▸ **Exercise**: Every line below should be duplicated exactly.

[Start of Attachment]

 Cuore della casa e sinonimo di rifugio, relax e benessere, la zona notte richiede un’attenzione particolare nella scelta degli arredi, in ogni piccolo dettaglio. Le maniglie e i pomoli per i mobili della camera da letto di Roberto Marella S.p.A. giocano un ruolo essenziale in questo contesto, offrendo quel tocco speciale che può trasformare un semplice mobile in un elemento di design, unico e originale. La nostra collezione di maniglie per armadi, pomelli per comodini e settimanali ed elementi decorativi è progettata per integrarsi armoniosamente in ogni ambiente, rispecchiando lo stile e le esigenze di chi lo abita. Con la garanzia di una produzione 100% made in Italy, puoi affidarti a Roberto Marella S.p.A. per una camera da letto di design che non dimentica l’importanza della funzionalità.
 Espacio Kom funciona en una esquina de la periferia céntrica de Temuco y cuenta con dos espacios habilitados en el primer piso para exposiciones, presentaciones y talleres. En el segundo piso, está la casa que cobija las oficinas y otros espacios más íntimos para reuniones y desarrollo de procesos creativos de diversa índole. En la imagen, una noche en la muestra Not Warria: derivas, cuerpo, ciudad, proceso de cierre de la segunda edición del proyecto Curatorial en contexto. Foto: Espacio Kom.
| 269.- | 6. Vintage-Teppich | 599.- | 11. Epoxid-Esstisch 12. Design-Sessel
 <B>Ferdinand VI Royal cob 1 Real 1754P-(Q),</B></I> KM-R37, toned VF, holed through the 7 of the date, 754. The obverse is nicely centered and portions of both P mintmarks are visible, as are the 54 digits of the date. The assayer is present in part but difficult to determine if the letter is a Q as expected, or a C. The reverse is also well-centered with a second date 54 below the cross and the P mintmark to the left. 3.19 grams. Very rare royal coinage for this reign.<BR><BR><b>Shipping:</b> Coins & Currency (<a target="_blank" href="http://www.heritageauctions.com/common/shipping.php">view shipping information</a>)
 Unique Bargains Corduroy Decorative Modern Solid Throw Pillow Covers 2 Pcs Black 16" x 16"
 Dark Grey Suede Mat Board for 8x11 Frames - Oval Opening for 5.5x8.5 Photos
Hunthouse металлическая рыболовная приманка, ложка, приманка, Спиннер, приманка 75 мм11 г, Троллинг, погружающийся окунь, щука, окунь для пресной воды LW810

[End of Attachment]

▸ **Task solution**:
 Cuore della casa e sinonimo di rifugio, relax e benessere, la zona notte richiede un’attenzione particolare nella scelta degli arredi, in ogni piccolo dettaglio. Le maniglie e i pomoli per i mobili della camera da letto di Roberto Marella S.p.A. giocano un ruolo essenziale in questo contesto, offrendo quel tocco speciale che può trasformare un semplice mobile in un elemento di design, unico e originale. La nostra collezione di maniglie per armadi, pomelli per comodini e settimanali ed elementi decorativi è progettata per integrarsi armoniosamente in ogni ambiente, rispecchiando lo stile e le esigenze di chi lo abita. Con la garanzia di una produzione 100% made in Italy, puoi affidarti a Roberto Marella S.p.A. per una camera da letto di design che non dimentica l’importanza della funzionalità.
 Espacio Kom funciona en una esquina de la periferia céntrica de Temuco y cuenta con dos espacios habilitados en el primer piso para exposiciones, presentaciones y talleres. En el segundo piso, está la casa que cobija las oficinas y otros espacios más íntimos para reuniones y desarrollo de procesos creativos de diversa índole. En la imagen, una noche en la muestra Not Warria: derivas, cuerpo, ciudad, proceso de cierre de la segunda edición del proyecto Curatorial en contexto. Foto: Espacio Kom.
| 269.- | 6. Vintage-Teppich | 599.- | 11. Epoxid-Esstisch 12. Design-Sessel
 <B>Ferdinand VI Royal cob 1 Real 1754P-(Q),</B></I> KM-R37, toned VF, holed through the 7 of the date, 754. The obverse is nicely centered and portions of both P mintmarks are visible, as are the 54 digits of the date. The assayer is present in part but difficult to determine if the letter is a Q as expected, or a C. The reverse is also well-centered with a second date 54 below the cross and the P mintmark to the left. 3.19 grams. Very rare royal coinage for this reign.<BR><BR><b>Shipping:</b> Coins & Currency (<a target="_blank" href="http://www.heritageauctions.com/common/shipping.php">view shipping information</a>)
 Unique Bargains Corduroy Decorative Modern Solid Throw Pillow Covers 2 Pcs Black 16" x 16"
 Dark Grey Suede Mat Board for 8x11 Frames - Oval Opening for 5.5x8.5 Photos
Hunthouse металлическая рыболовная приманка, ложка, приманка, Спиннер, приманка 75 мм11 г, Троллинг, погружающийся окунь, щука, окунь для пресной воды LW810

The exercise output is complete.